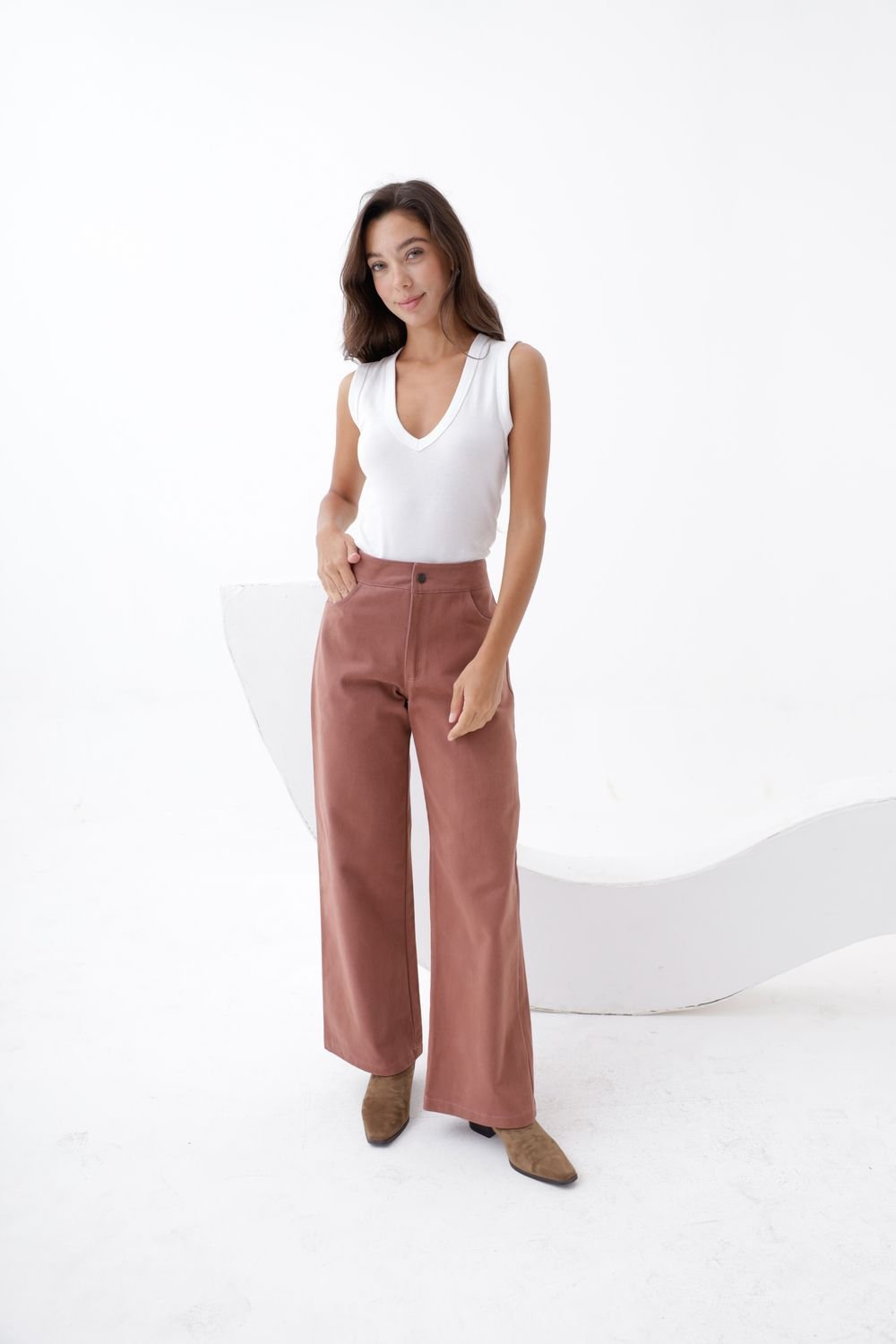 Pantalón Tiro Alto corte clásico.
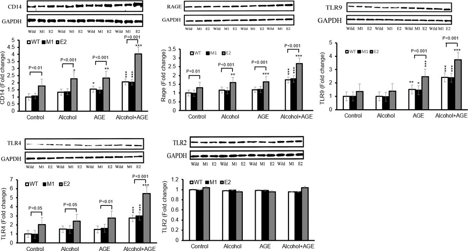 Figure 4: Increased levels of CD14, TLR4, TLR9 and RAGE in CYP2E1-expressing macrophages with alcohol and AGE treatment.
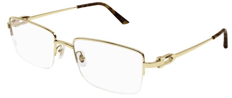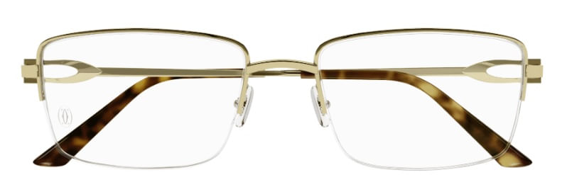 Oculos de grau Cartier CT0319O tem formato retangular masculino em uma estrutura de meio aro Reinterpretacao contemporânea e sofisticada do historico detalhe de decoracao letra C Armacao inteiramente em metal com logotipo Cartier gravado a laser nas pontas das hastes em acetato
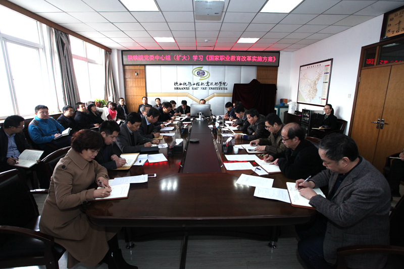 3月8日上午,学院党委中心组在临渭校区11楼会议室召开扩大会议,对《国家职业教育改革实施方案》进行了学习。学院党委委员,宣传部、组织部、党政办、纪委办、学工部、思政部、基础课部、团委、安保处、人事处、教师发展中心等部门负责人,高教研究所所长、副所长,各系主任、各总支书记参加本次会议,会议由党委书记王晖主持。
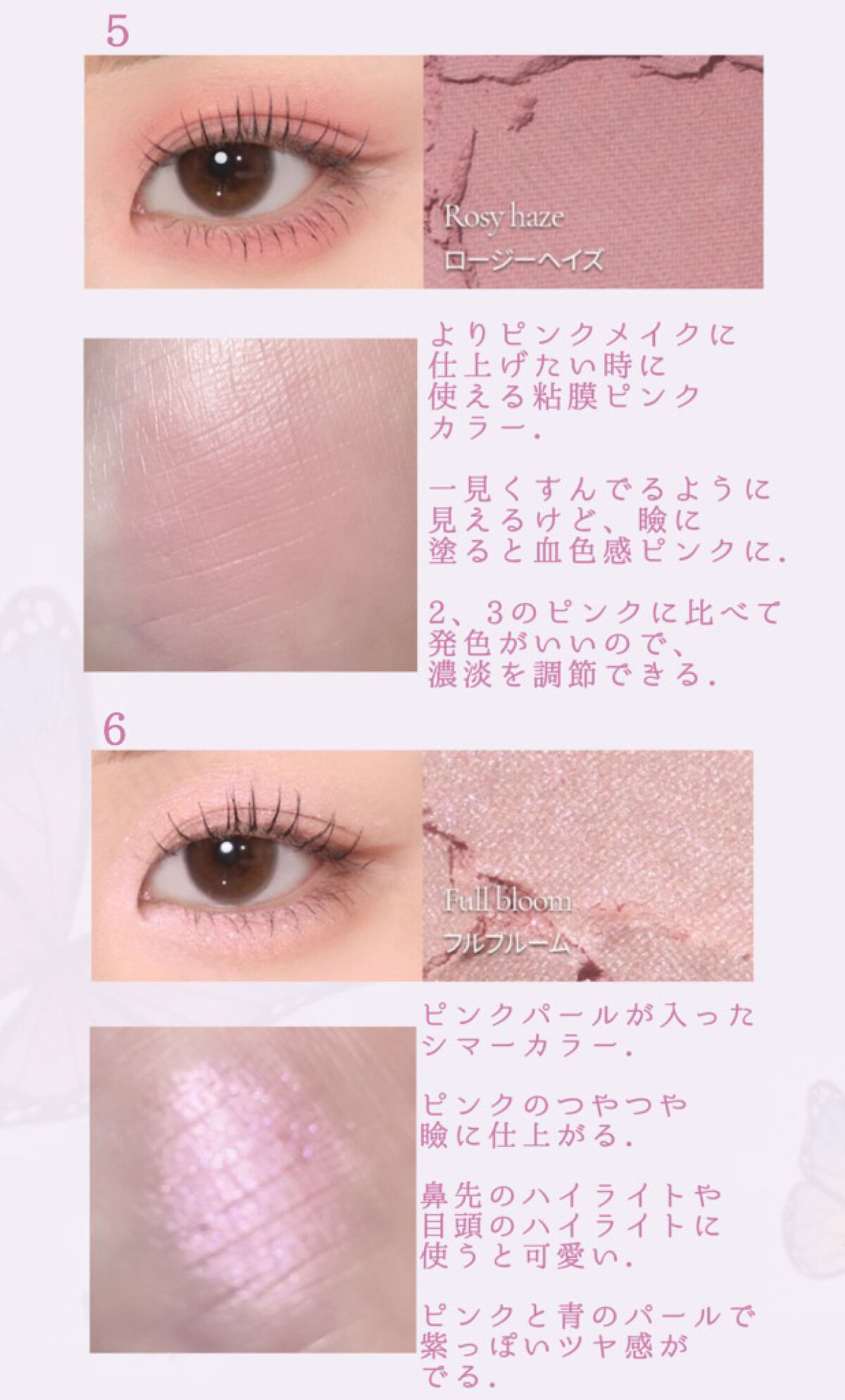 ・マット7色、ラメ1色、シマー1色、グリッター1色 好きな質感に仕上げられるパレットになってます. ・パープルで透明感メイク、ピンクで可愛らしいメイクができます. ・全体的に淡い発色で濃淡の調節がしやすくて、すごく濃いメイクにならない. ・ブラウンが苦手なので締め色が淡いカラーなのが嬉しい. ・パープルは白みとピンクみが強めなのでバブリーにならない. ・瞼のくすみが気になっていたのですが、1のベースカラーを使用すると綺麗にくすみが飛んで気にならなくなった. ・マットが好きなのでマットが多めで嬉しい. ・ラメカラーがどれもかわいい. ・マットは粉飛びするものが多いですが、これはしっとり質感で粉飛びしない. ・なんと言っても全ての色がかわいすぎる!!! ・くすみが苦手な人. ・韓国っぽい白みピンクのメイクがしたい人. ・濃い締め色が苦手な人. ・ラメやシマーで質感を変えて使えるカラーを探して人.

__Problem description__. Pictures stay out of the copy, while everything else in the records above goes in exactly as written.

__Written solution__.
 Pantalón Tiro Alto corte clásico.
 Figure 4: Increased levels of CD14, TLR4, TLR9 and RAGE in CYP2E1-expressing macrophages with alcohol and AGE treatment.
 Oculos de grau Cartier CT0319O tem formato retangular masculino em uma estrutura de meio aro Reinterpretacao contemporânea e sofisticada do historico detalhe de decoracao letra C Armacao inteiramente em metal com logotipo Cartier gravado a laser nas pontas das hastes em acetato
 3月8日上午,学院党委中心组在临渭校区11楼会议室召开扩大会议,对《国家职业教育改革实施方案》进行了学习。学院党委委员,宣传部、组织部、党政办、纪委办、学工部、思政部、基础课部、团委、安保处、人事处、教师发展中心等部门负责人,高教研究所所长、副所长,各系主任、各总支书记参加本次会议,会议由党委书记王晖主持。
 ・マット7色、ラメ1色、シマー1色、グリッター1色 好きな質感に仕上げられるパレットになってます. ・パープルで透明感メイク、ピンクで可愛らしいメイクができます. ・全体的に淡い発色で濃淡の調節がしやすくて、すごく濃いメイクにならない. ・ブラウンが苦手なので締め色が淡いカラーなのが嬉しい. ・パープルは白みとピンクみが強めなのでバブリーにならない. ・瞼のくすみが気になっていたのですが、1のベースカラーを使用すると綺麗にくすみが飛んで気にならなくなった. ・マットが好きなのでマットが多めで嬉しい. ・ラメカラーがどれもかわいい. ・マットは粉飛びするものが多いですが、これはしっとり質感で粉飛びしない. ・なんと言っても全ての色がかわいすぎる!!! ・くすみが苦手な人. ・韓国っぽい白みピンクのメイクがしたい人. ・濃い締め色が苦手な人. ・ラメやシマーで質感を変えて使えるカラーを探して人.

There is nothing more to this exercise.